Equivalents of Darlington Transistors; Darlington PNP: TIP147, BDW84, BDV66 Darlington NPN: TIP142, BDW83, BDV67 Output power is 100W, 150W RMS information is given on some sites, but probably the music power is mentioned, but I recommend you to use it with a real speaker over 100W.

It may be psychological, but the sound of darlington transistor amps is more powerful and clear to me, although I used a bass speaker (defective) in the tests, I could not understand the difference with the others, but I have such a thought according to the circuits I made in the past. 🙂

The operating voltage of the 100W Amplifier circuit is symmetrical 2X40V….48V DC. The transformer voltage can be 2X32V AC or 2X35V AC, its power is 200W…250W. You can use 4 6A10 diodes or KBU10M bridge diodes for DC rectification in the power supply circuit, filter capacitors should be at least 4700uf, 6800uf would be better. The hFE values ​​of 2 2X2N5401 transistors in the audio input should be the same or close to each other, this detail is valid for all amplifiers with similar transistors.
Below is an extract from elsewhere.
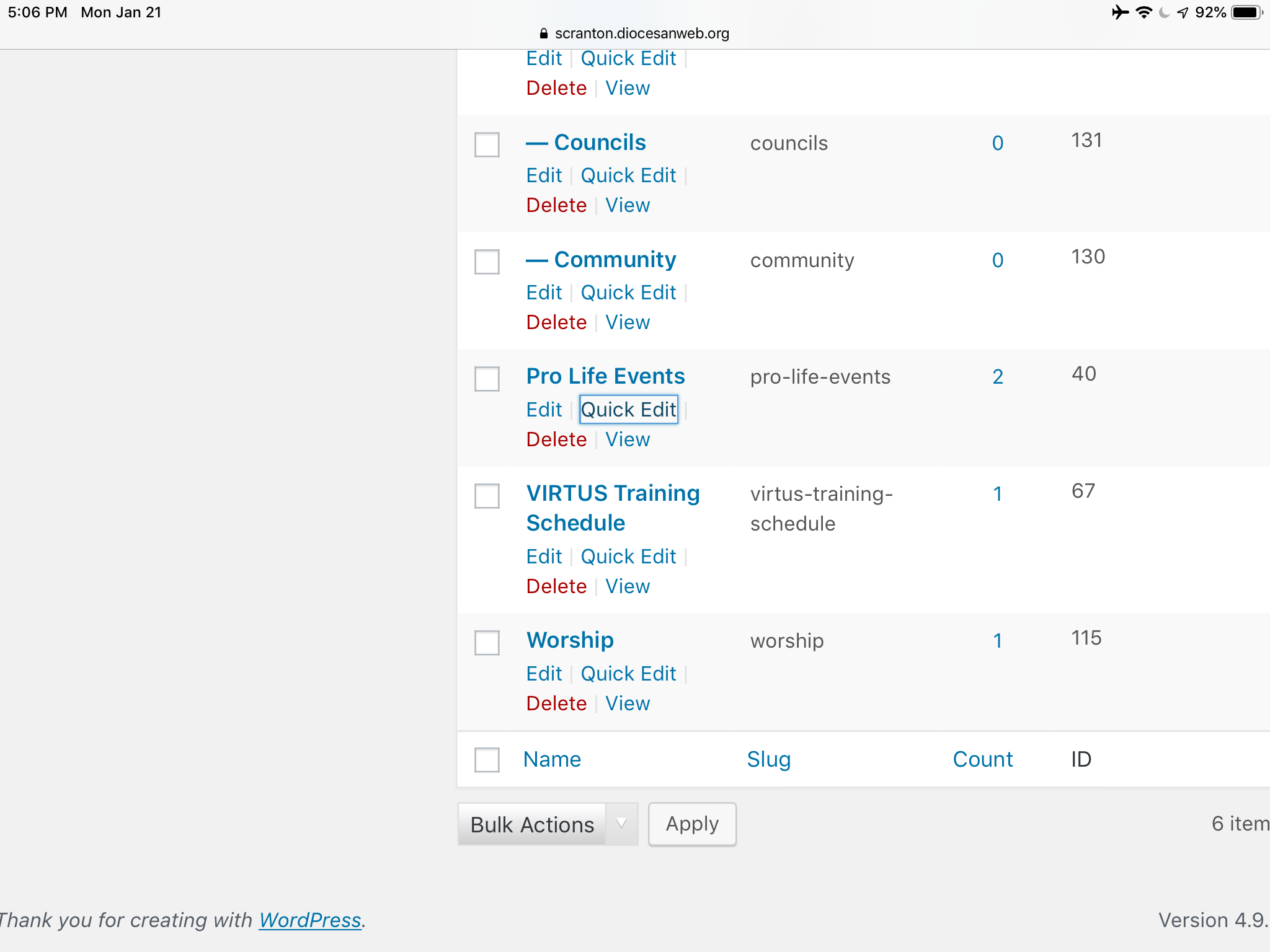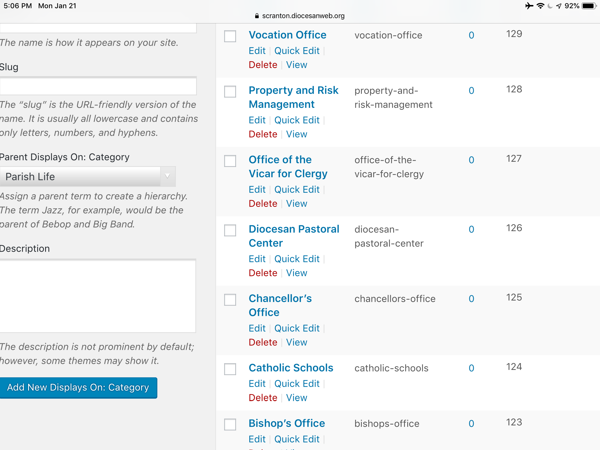 Should I make categories for all Directory Offices (plus Parish Life?) or were there any others you needed?

Printed circuit PCB drawing was prepared with Sprint layout 6 PCB dimensions are 48x48mm and single layer. Fits perfectly on older CPU coolers.

In the first PCB design, I used 3.3K 1W resistors SMD type, it looks more elegant 🙂 but I couldn’t find SMD resistors. I said there is no need to order 2 resistors from the web, so I mounted the resistors under the board. Afterwards, I did some editing for the DIP version of the resistors, saying never mind, and the PCB size was not changed.

Simple 100W Darlington Amplifier Circuit Diagram







Simple 100w FILE DOWNLOAD LINK LIST (in TXT format or file): 27928.rar pass: 320volt.com

Published: 2021/09/19 Tags: ,

1 Comment “100W Power Amplifier TIP147 TIP142 Transistors (Pro and Simple version)

  1. Removed

    It is a “source” circuit. On its basis, power amplifiers have been built (and, as you can see, they are still being built) for years.
    As for the topic – FINALLY, my colleague copied the amplifier with the correct quiescent current control system.
    The movie – or rather the “test” (intentional quotation marks) still shows nothing. Testing a 100W power amplifier with a volume of just a few W, and “by ear”? What is that supposed to be? Showing that he is playing at all? Because nothing more.
    The given parameters, taken alive from the source project, do not give 100% certainty that the copy is the same – sometimes it is enough to lead the tracks differently, slightly different elements and the original parameters will not correspond to the obtained ones.